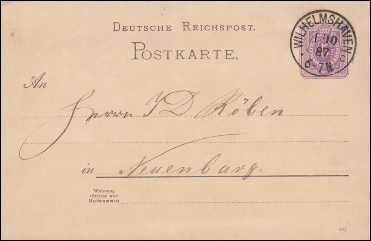 Carte postale P 18I, paragraphe 5 Pfennig DV 687, WILHELMSHAVEN 1.10.1887 vers Neuchâtel
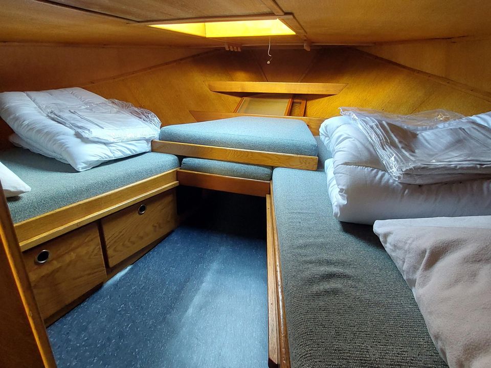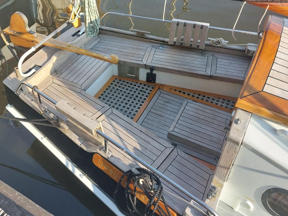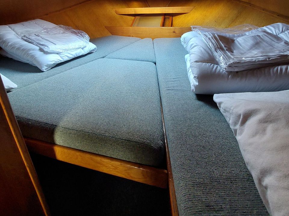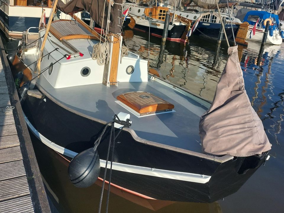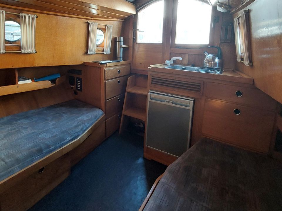 Step aboard this small sea fireplace which is cozy and attractively furnished and paneled with light oak. The cabin has a galley with a sink, a 2-burner stove and refrigerator. There is also sufficient storage space and a long sofa of 1.90 meters that is suitable as a sleeping place. There are two beds in the front. These can be connected to each other by means of a cuddly board to form a large sleeping place, so that a child can also sleep with it. The ship sails very stable and easy. The ship is extremely suitable as a boarding boat from a falcon to a flat bottom.
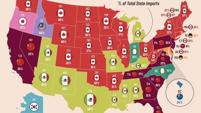 This map, via Visual Capitalist’s Bruno Venditti, illustrates the top import partner of every U.S. state as of November 2024.
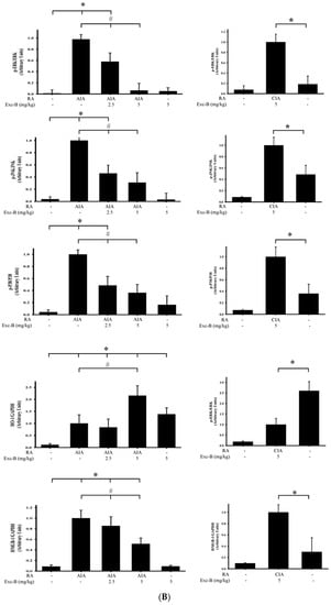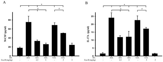 It is known that increases in M-CSF and IL-17A could lead to osteoclastogenesis. We, therefore, sought to measure the serum levels of M-CSF and IL-17A in the control, AIA, CIA, AIA + Exc-B (2.5 mg/kg), AIA + Exc-B (5 mg/kg), CIA + Exc-B (5 mg/kg), and Exc-B (5 mg/kg) alone groups at Day 27 after immunization. The level of these pro-inflammatory cytokines were analysed using a multiplex immunoassay. Consistent with the progression of RA and upregulation of TRAP-positive multinucleated cells, the levels of M-CSF and IL-17A in the AIA and CIA groups were significantly increased in the blood serum samples. However, treatment with 2.5 or 5 mg/kg Exc-B showed a marked decrease in the levels of M-CSF and IL-17A at Day 27 in AIA rats after immunization (Figure 11). Analogous results were observed in the treated CIA rats, in that the level of M-CSF and IL-17A decreased with 5 mg/kg Exc-B treatment (Figure 11). Thus, Exc-B could reduce osteoclastogenesis in RA via the downregulation of the pro-inflammatory cytokines M-CSF and IL-17A.
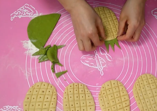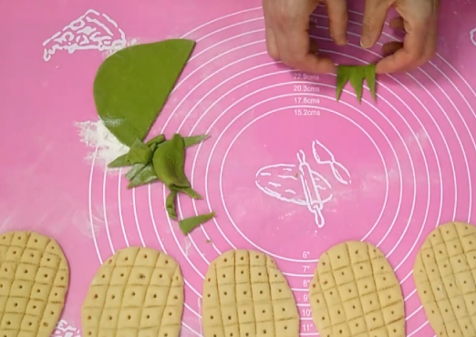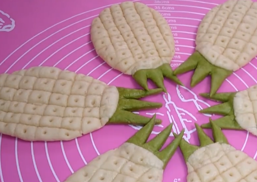 14、用刀将面饼切成,山一样的形状,可以用来作为菠萝的叶子部分。
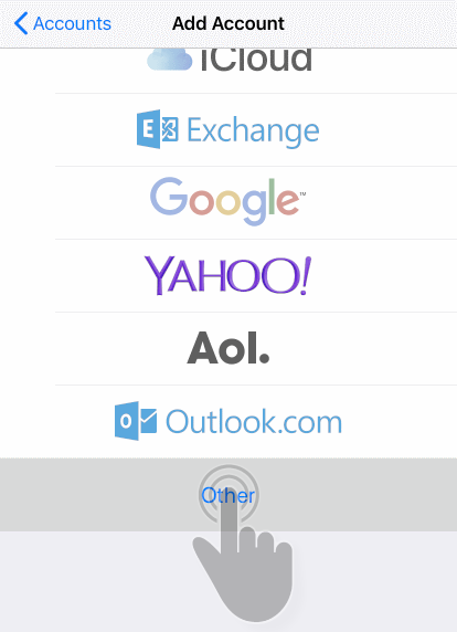 At the bottom of the list of email account types, tap Other.
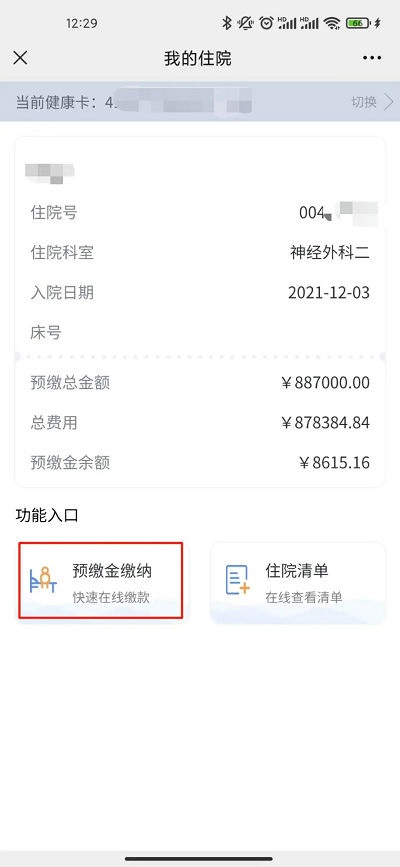 手机一点 轻松缴纳住院押金
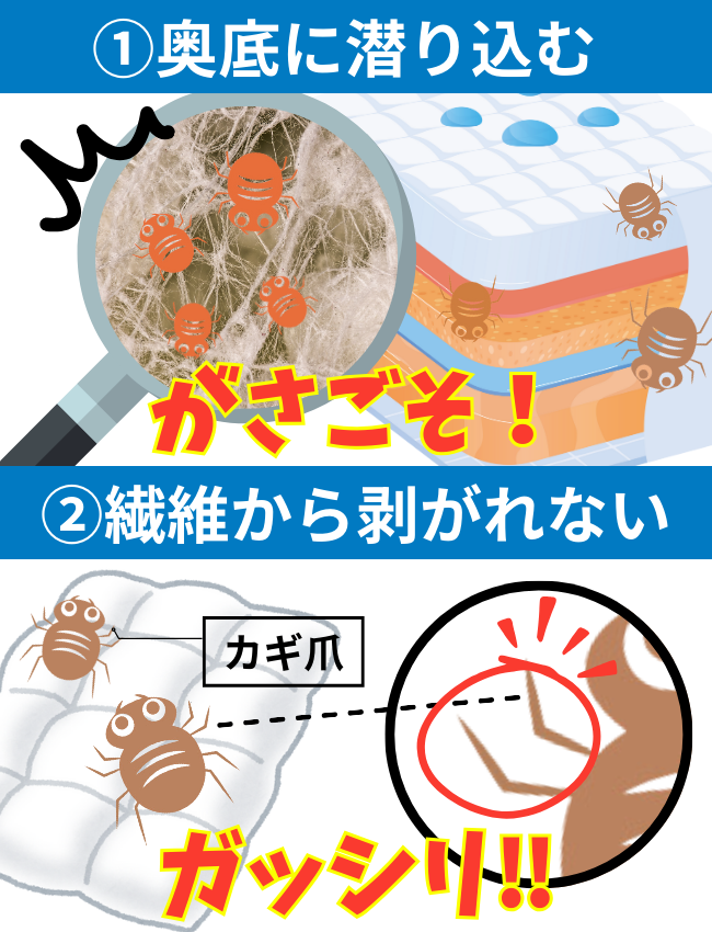 出典:環境再生保全機構 ERCA「ダニの隠れ場所を突き止めろ!(ダニ対策の実践3/6)」(https://www.youtube.com/watchv=ypqSdNYbTTg&list=PLsTu8kSbe2FC1ImPf08ObZzh_9veivYd8&index=3)を加工して作成

--- --- ---

◆ Task instructions
Only the lines from the one holding "手机一点 轻松缴纳住院押金" to the last line of the entries above should be printed, exactly as they appear and with no pictures.

◆ Completed task
 手机一点 轻松缴纳住院押金
 出典:環境再生保全機構 ERCA「ダニの隠れ場所を突き止めろ!(ダニ対策の実践3/6)」(https://www.youtube.com/watchv=ypqSdNYbTTg&list=PLsTu8kSbe2FC1ImPf08ObZzh_9veivYd8&index=3)を加工して作成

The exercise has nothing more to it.